ここ最近弊社でも、壁の仕上げに塗り壁、特に珪藻土を使ってみたい、とのご注文が多く聞かれます。
でも今まではあまり塗り壁を積極的には採用してこなかったんですよ。その理由は後程詳しく説明しますね。
しかしながら、そのデザイン性や珪藻土や漆喰の製品としての性能もとても気になっていたことは事実。そんな折にダイゼンホームの社長さんにお話を聞く機会があり今回の『珪藻土体験説明会』に参加させていただくことに。
そもそも珪藻土って何?住宅関係で最近よく耳にすることがあるけど、どんなものなの?と思っている方も多いと思うので、昨日説明していただいたお話の中から簡単にまとめてみますね。
珪藻土とは、
「ガラス質の殻をもったプランクトンが湖底や海底に800万~1000万年もの間沈積し、珪酸部分だけが化石として残った堆積土です。珪藻とは、昆布やわかめなどの海藻と同じ藻類と呼ばれる生き物の仲間なのです。細胞を取り巻くガラス質の部分(珪酸)で出来た藻類、が珪藻、その化石が堆積したものが珪藻土です。」
その珪藻の形が、多孔質という無数の穴(孔)の開いた構造になっていて、これが天然のエアコンと言われる珪藻土の性能に関係してくるんですねー。
では、その機能性はというと
*湿度調整
*消臭・分解
*不燃・断熱
珪藻が無数の穴の開いた形といいましたが、実はこのたくさんの穴で呼吸をするよう湿気を吸い込み、更には乾いてくるとその湿気を放出するという特徴があります。その調湿性能はビックリするくらいです。
実際に調湿実験として見せていただきました。
湿気で満たした、一般的なクロス張りの箱と珪藻土の箱が10分間でどのくらい吸湿するか、の実験です。左のクロス張りは湿度98%(ちょっと見えにくいですが)とほぼ変化なしなのに比べて、珪藻土の方は64%とだいぶ湿気を吸い込んでいるのがわかりますね。
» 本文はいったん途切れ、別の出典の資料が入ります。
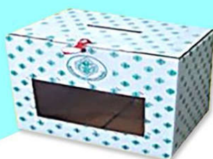
ตู้หีบบัตร รหัส 44490355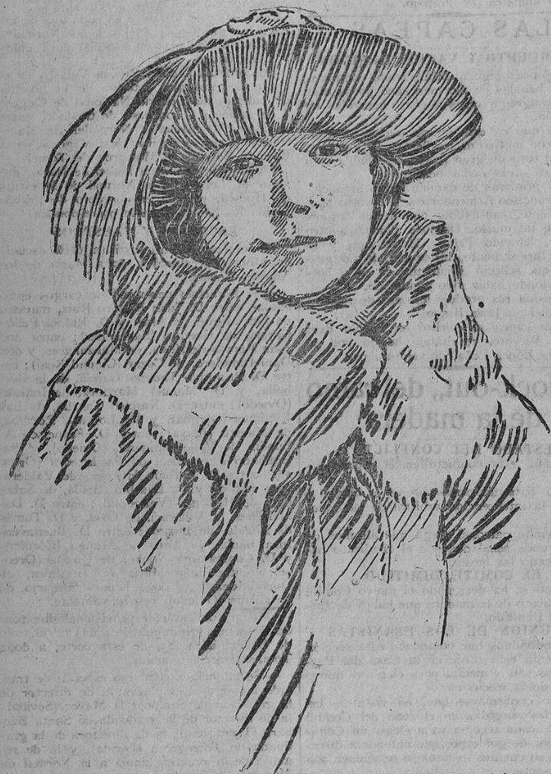
Margarita Xirgu, intérprete de la Dorotea en «La niña de Gómez-Arias».

Drama de Calderón de la Barca, refundido por D. Eduardo Marquina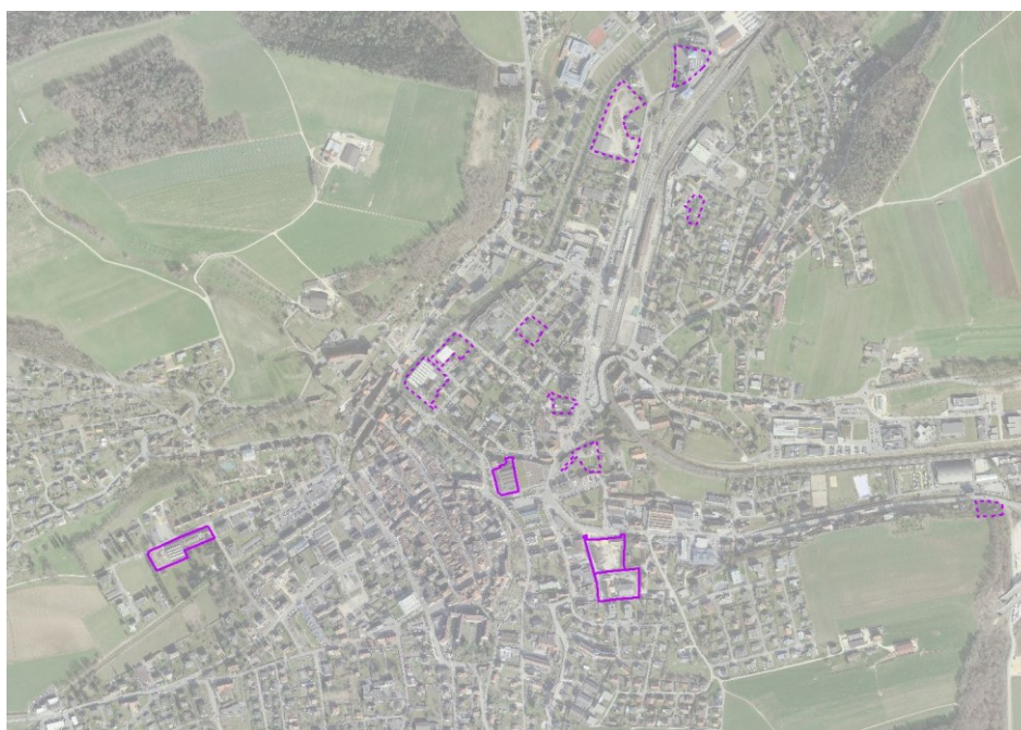
Figure 2: extrait de la couche Inventaire des friches urbaines et industrielles (ArcGis)

(Zoom sur une partie de la géodonnée sur le géoportail (essayer de voir toutes les valeurs - Si pas sur geoportail – Faire un exemple sur Arcgis,...)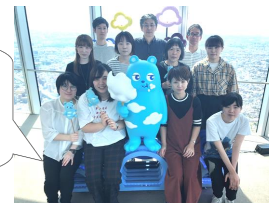
あべのハルカス300にて

9月25日・26日、職員11名で、大阪一泊二日の研修旅行に行ってきました。吉本新喜劇で笑い、美味しい物を食べ、気温32度という季節外れの暑さにも負けず、名所などを散策しました。職員間の交流にも繋がり、貴重な機会となりました。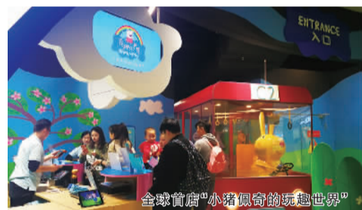
全球首店“小猪佩奇的玩趣世界”

LCM 定位为“上海全新的时尚生活中心”，引入了 200 家各类型的商铺，涵盖了从日常生活到潮流美学的所有需求，其中 30% 以上为全球、全国或浦东“首店”。其中全国首店品牌有食庐旗下 THE ALLEY、台湾品牌这一小锅……浦东首店品牌有特色餐厅蟹将军、BANG、摩罗厨房、御龙凤和鮎谷；时尚潮牌 Adidas 全系列旗舰店、TREK&TRAVEL、SEAN BY SEAN、MATTITUDE、DENHAM……全国首家旗舰店中值得一提的是粒粒堡(Liliput)直营店，这是一家把餐厅和游乐设施结合在一起的优质亲子餐厅，店内装修风格以“ins 风”为主，有旋转木马、儿童厨房、公主化妆间等，孩子们在这里能愉快地玩耍，家长能在悠闲看管的同时享受美味。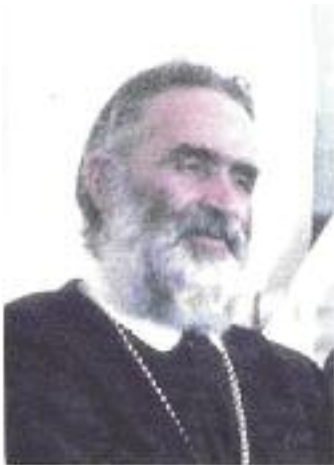
Μητροπολίτης Κισιάμου και Σελίνου Εἰρηναῖος

Στό Ἄρθρο 1 ὀρίσαμε ὅτι τό Ἰδρυμα «τίθεται ὑπό τήν πνευματικήν προστασίαν τῆς Α.Θ.Π. τοῦ Οἰκουμενικοῦ Πατριάρχου, τοῦ ὁποῖου τό ὄνομα μνημονεύεται καθ' ἐκάστην ἐν τῷ Ἰδρύματι λατρευτικήν πράξιν» . Στό ἄρθρο 12 ὀρίσαμε τά τῆς Συνάξεως τῶν Ἐταίρων τῆς Ἀκαδημίας, ἡ ὁποία ἀποτελεῖ «Ὄργανον ἀνωτάτης πνευματικῆς κηδεμονίας τοῦ Ἰδρύματος» . Τῆς Συνάξεως προΐσταται ἡ Κοσμητεία, τόν Πρόεδρον τῆς ὁποίας ὀρίζει ἡ Α.Θ.Π. ὁ Οἰκουμενικός Πατριάρχης, ὡς ἐκπρόσωπον αὐτοῦ. Στό ἄρθρον 20, τέλος,

そして珪藻土の穴が吸い込むのは湿気だけではありません。嫌なにおいや家の中の化学物質から発生するVOC(ホルムアルデヒドなど)も吸い込み、それだけでなく分解してから放出するんです。二酸化炭素も吸い込みそれを分解して酸素を放出するという植物のような役割も!(もともと藻の仲間ですからね。)
昨日は消臭効果を体感出来る実験もあり、参加者一同その効果にはものすごく驚かされました。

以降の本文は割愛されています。